My partner, Bob Cattell, who has died aged 74, was the author of the Glory Gardens series of children’s books. He also founded and ran the Bookboat, a children’s bookshop moored by Greenwich pier in the 1970s and 80s.
In the mid-70s, while working in PR and advertising in London after graduating, Bob and a friend, Chris Moore, found a traditional Humber Keel barge in Rotherhithe. After two years of weekends and evenings labouring on the conversion, they sailed across the Thames from a slipway on the Isle of Dogs and moored alongside the Cutty Sark in Greenwich.
The Bookboat opened in August 1978 and proved hugely popular, with several successful book fairs and other events run alongside. A couple of years later, now sole owner of the Bookboat, Bob converted a Routemaster bus into the Bookbus, which operated as an educational charity in south-east London, taking books, authors and illustrators into schools and running holiday reading programmes. Bob eventually sold the Bookboat in 1986 – and the Bookbus in 1990 – after which he concentrated on writing.
Glory Gardens was conceived to address the dearth of cricket books for children. The first two stories – Glory in the Cup and Bound for Glory – appeared in 1995, the series eventually running to nine volumes. The books follow the doughty team of characters through thrilling games, backed up with score cards and glossary to satisfy the most obsessive of cricket lovers.
Bob was born in Wisbech, Cambridgeshire, to Hilda (nee Hubbard), a primary school teacher, and Roy Cattell, a manager for English Brothers, a timber merchants, and went to Wisbech grammar school before studying French at Durham University.
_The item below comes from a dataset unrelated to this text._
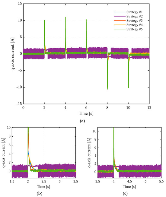 Figure 8 shows the current of the q-axis and local enlarged views. As can be seen, in a steady state, strategy #5 also has the smallest fluctuation.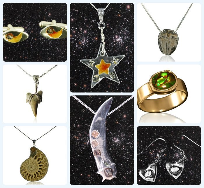 Since founding Jurassic Jewellery in 2006 Ian Barrett has used moon dust, Mars dust, amber, and moldavite, as well as authenticated meteorites (mainly found in North African deserts) and fossils from dealers all over the world in the space-inspired, psychedelic jewellery he makes by hand.

After Glory Gardens, Bob went on to publish other children’s titles including the Butter-Finger trilogy (2006-10) with the poet John Agard, Bowl like the Devil (2012) and, with David Ross, the football series Strikers (1999 and 2000). Later came First XI (2015) and Second XI (2018), two collections of short stories for adults set in cricket-playing countries around the world.
Recent ventures with the illustrator Michael Woods resulted in Reynard the Fox, a new translation of the medieval fable, and Agon, a selection of Greek myths.
While freelance copywriting provided his income for many years, Bob’s heart and much of his time were engaged in less lucrative projects. He gave his energy to such charities as Friends of the Earth, Book Trust and Chance to Shine and was for many years an active school governor in Tower Hamlets. He was always ready with practical help and advice to would-be authors.
Bob was a voracious reader, avid traveller, generous host, controversial conversationalist and consistent friend. From 2000 he made his base a cottage in east Suffolk.
I shared Bob’s life for nearly 50 years, collaborating on adventures, not least a three-month walk to Santiago de Compostela 30 years ago and several trekking trips to the mountains of Pakistan, where we made lifelong friends.
I survive him, as does his younger brother Paul.